DOI: 10.4230/LIPIcs.ICALP.2025.55

Optimal Oblivious Subspace Embeddings with Near-Optimal Sparsity

Authors: Shabarish Chenakkod, Michał Dereziński, and Xiaoyu Dong

Published in: LIPIcs, Volume 334, 52nd International Colloquium on Automata, Languages, and Programming (ICALP 2025)

Abstract

An oblivious subspace embedding is a random m× n matrix Π such that, for any d-dimensional subspace, with high probability Π preserves the norms of all vectors in that subspace within a 1±ε factor.

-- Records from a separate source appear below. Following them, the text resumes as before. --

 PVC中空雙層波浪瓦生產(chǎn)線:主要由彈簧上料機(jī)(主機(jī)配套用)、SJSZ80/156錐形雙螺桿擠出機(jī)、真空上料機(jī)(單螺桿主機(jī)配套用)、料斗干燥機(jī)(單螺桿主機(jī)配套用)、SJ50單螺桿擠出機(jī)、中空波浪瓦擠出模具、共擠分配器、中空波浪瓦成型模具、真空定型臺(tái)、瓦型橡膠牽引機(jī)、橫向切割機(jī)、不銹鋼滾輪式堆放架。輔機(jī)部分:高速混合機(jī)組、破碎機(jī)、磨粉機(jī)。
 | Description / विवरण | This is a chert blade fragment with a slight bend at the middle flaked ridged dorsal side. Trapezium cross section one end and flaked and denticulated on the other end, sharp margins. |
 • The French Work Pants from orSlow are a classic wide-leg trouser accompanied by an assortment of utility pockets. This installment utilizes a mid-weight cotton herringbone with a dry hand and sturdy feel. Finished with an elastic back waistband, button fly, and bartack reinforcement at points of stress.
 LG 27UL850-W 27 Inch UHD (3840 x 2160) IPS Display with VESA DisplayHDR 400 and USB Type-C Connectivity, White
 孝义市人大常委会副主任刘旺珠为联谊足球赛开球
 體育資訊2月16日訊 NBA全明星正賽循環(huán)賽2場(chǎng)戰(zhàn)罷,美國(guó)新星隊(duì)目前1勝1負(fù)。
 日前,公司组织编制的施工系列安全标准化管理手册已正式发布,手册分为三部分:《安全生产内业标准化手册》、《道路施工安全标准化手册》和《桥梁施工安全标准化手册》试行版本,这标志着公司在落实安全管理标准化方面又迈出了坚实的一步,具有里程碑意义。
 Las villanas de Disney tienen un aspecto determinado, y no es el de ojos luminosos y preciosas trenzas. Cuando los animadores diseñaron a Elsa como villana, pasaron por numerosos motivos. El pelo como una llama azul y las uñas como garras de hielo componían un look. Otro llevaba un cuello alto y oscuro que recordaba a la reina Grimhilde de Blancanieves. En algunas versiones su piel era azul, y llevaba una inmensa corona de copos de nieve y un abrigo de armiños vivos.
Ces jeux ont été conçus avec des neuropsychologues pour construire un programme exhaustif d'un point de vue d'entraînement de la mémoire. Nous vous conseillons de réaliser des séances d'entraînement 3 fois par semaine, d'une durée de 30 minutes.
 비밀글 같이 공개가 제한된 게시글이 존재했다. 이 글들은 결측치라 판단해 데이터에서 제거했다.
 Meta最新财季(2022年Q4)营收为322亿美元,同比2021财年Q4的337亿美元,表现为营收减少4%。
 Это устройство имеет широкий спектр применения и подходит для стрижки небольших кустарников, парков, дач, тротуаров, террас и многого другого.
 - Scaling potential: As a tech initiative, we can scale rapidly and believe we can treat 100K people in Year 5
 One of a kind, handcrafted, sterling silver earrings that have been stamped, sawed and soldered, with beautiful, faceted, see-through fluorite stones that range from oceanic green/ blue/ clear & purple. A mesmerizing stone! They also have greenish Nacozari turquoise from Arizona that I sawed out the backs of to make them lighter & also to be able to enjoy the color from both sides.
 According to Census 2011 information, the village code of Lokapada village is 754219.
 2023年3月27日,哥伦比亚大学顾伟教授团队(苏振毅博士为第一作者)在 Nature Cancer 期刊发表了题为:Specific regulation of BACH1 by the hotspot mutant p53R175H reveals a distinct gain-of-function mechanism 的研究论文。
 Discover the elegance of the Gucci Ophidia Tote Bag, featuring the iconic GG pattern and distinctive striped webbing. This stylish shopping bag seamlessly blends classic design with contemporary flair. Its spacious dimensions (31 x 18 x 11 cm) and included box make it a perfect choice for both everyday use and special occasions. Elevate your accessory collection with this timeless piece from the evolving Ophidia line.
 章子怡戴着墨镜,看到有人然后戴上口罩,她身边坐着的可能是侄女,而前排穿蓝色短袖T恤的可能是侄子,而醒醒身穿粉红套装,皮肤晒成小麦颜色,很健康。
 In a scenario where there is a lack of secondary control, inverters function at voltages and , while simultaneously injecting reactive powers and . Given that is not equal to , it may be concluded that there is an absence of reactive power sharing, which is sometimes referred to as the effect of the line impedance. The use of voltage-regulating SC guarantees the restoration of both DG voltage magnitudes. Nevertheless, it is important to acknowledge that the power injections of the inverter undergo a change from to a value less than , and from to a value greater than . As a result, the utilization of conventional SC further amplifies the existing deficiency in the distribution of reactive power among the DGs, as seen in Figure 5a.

In this work, we give an oblivious subspace embedding with the optimal dimension m = Θ(d/ε²) that has a near-optimal sparsity of Õ(1/ε) non-zero entries per column of Π. This is the first result to nearly match the conjecture of Nelson and Nguyen [FOCS 2013] in terms of the best sparsity attainable by an optimal oblivious subspace embedding, improving on a prior bound of Õ(1/ε⁶) non-zeros per column [Chenakkod et al., STOC 2024]. We further extend our approach to the non-oblivious setting, proposing a new family of Leverage Score Sparsified embeddings with Independent Columns, which yield faster runtimes for matrix approximation and regression tasks. In our analysis, we develop a new method which uses a decoupling argument together with the cumulant method for bounding the edge universality error of isotropic random matrices. To achieve near-optimal sparsity, we combine this general-purpose approach with new trace inequalities that leverage the specific structure of our subspace embedding construction.

Cite as

Shabarish Chenakkod, Michał Dereziński, and Xiaoyu Dong. Optimal Oblivious Subspace Embeddings with Near-Optimal Sparsity. In 52nd International Colloquium on Automata, Languages, and Programming (ICALP 2025). Leibniz International Proceedings in Informatics (LIPIcs), Volume 334, pp. 55:1-55:20, Schloss Dagstuhl – Leibniz-Zentrum für Informatik (2025)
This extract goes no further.